Some methods that apply these to chemistry.
- If trained on high precision data, neural networks can typically give results within 1-5% of the experimental values for physics or chemistry applications. Some can do a bit better than this. However, the state of the art is often not achieving chemical accuracy (<1 kcal/mol from experiment) for methods that are generalizable to a wide range of molecules, even if only limited to organic compounds.
- The AIQM2 method is reported as generating molecular geometry and energy data more accurate than popular DFT methods, but less accurate than CISD(T) CBS. It is parameterized for organic molecules. It can scale up to systems of 1,000,000 atoms at this accuracy, given the availability of high end compute hardware with many GPUs. It is parameterized for C H N O.

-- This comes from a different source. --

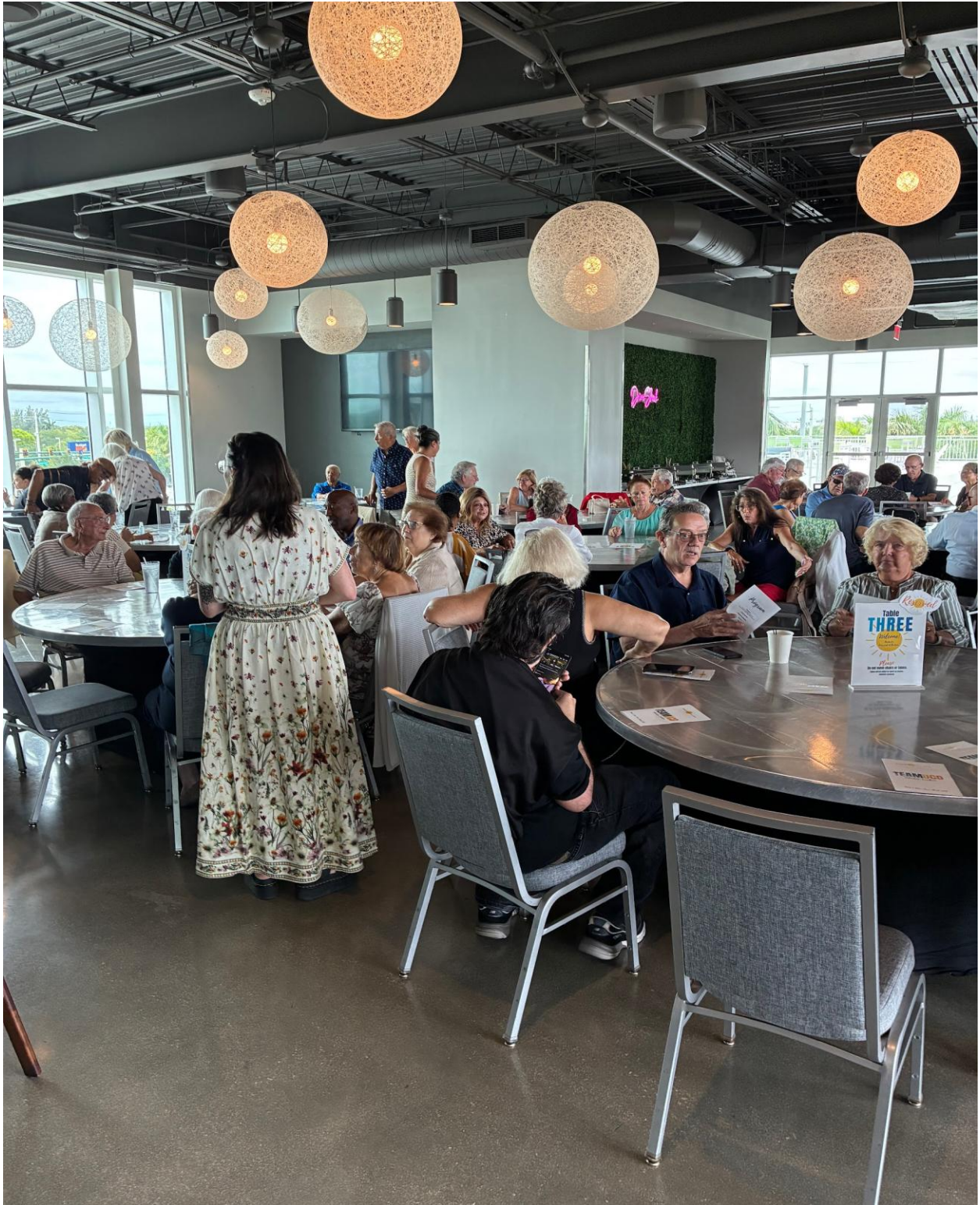
UCO VOLUNTEER APPRECIATION LUNCHEON- ABOUT ONE HUNDRED VOLUNTEERS ATTENDED THIS LUNCHEON. UCO RUNS ON VOLUNTEER POWER!

- The ANI-1cxx method has multiple AI models for predicting energetics of molecules containing C H N O. It can predict enthalpy of formation, reaction thermochemistry, and conformational energies.
- The UAIQM framework auto-chooses between AIQM1, AIQM2, and ANI-1cxx. It incorporates continuous self-improvement. The makers are working on extending this to more elements such as F, Cl & S.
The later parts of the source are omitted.